• Task brief: Using the entries below, copy exactly each line from the line with "Orders that I" up to and including the line with "Make a statement", with every picture left out.

··· Data listing ···

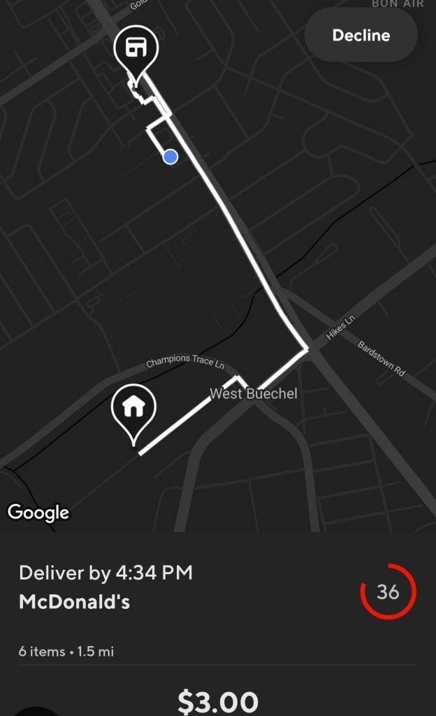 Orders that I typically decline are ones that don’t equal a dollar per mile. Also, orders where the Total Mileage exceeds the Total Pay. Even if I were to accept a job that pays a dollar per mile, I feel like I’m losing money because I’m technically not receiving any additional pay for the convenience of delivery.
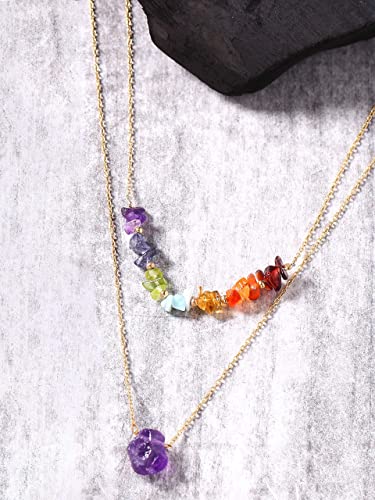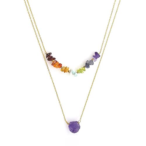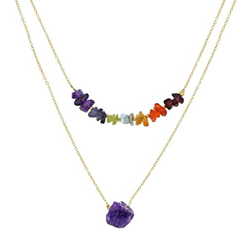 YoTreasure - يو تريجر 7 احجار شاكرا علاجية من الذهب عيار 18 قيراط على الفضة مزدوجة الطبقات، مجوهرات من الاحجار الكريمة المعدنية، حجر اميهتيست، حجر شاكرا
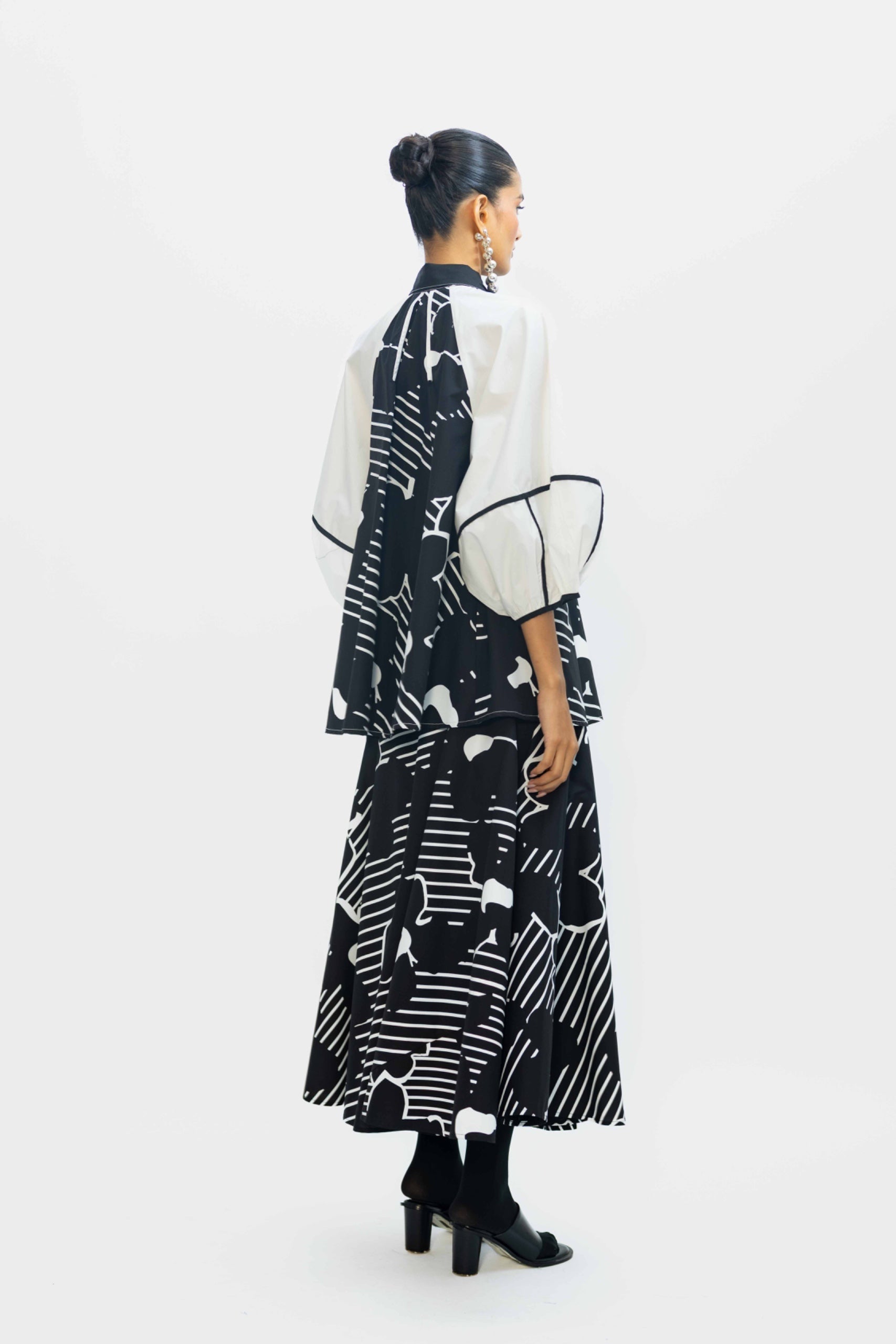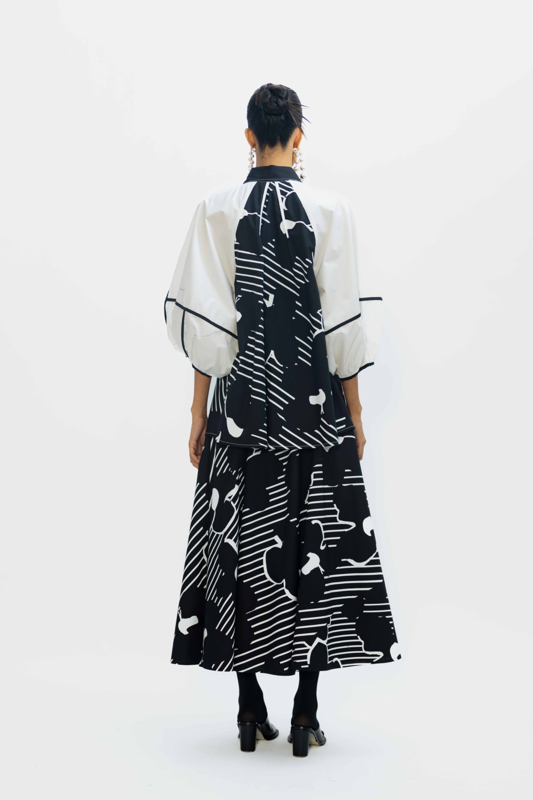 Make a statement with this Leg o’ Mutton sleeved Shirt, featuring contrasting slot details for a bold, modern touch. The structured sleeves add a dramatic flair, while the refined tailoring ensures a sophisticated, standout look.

···
··· Data listing ···

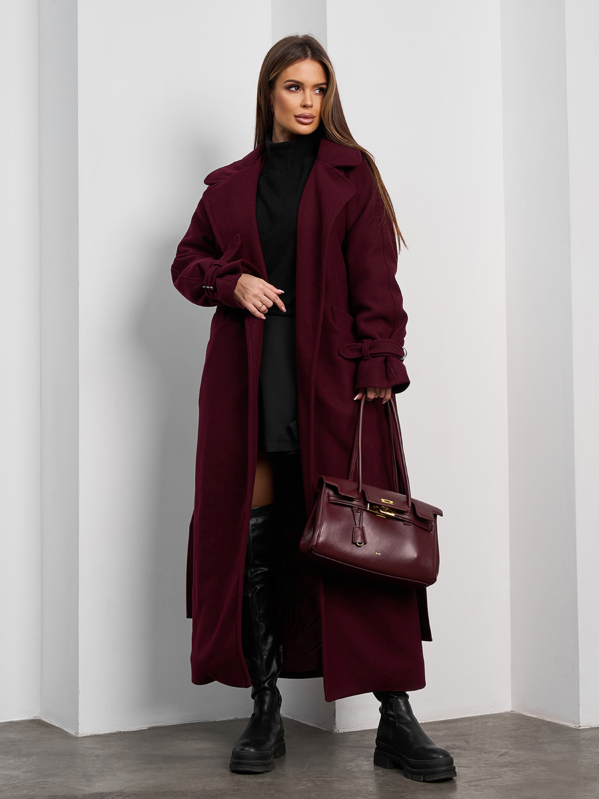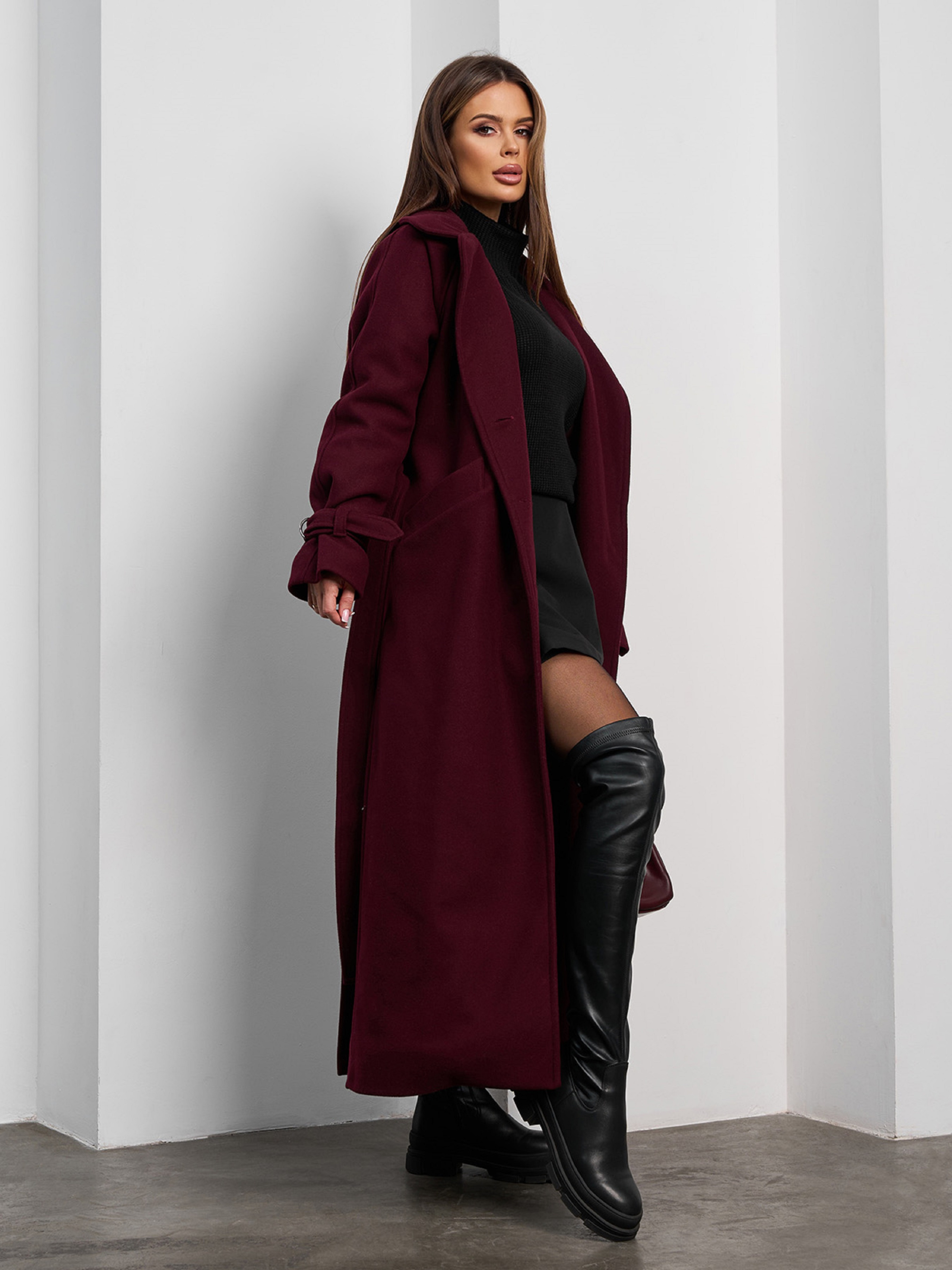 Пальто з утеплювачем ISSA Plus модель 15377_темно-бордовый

···

• Answer for this exercise:
 Orders that I typically decline are ones that don’t equal a dollar per mile. Also, orders where the Total Mileage exceeds the Total Pay. Even if I were to accept a job that pays a dollar per mile, I feel like I’m losing money because I’m technically not receiving any additional pay for the convenience of delivery.
 YoTreasure - يو تريجر 7 احجار شاكرا علاجية من الذهب عيار 18 قيراط على الفضة مزدوجة الطبقات، مجوهرات من الاحجار الكريمة المعدنية، حجر اميهتيست، حجر شاكرا
 Make a statement with this Leg o’ Mutton sleeved Shirt, featuring contrasting slot details for a bold, modern touch. The structured sleeves add a dramatic flair, while the refined tailoring ensures a sophisticated, standout look.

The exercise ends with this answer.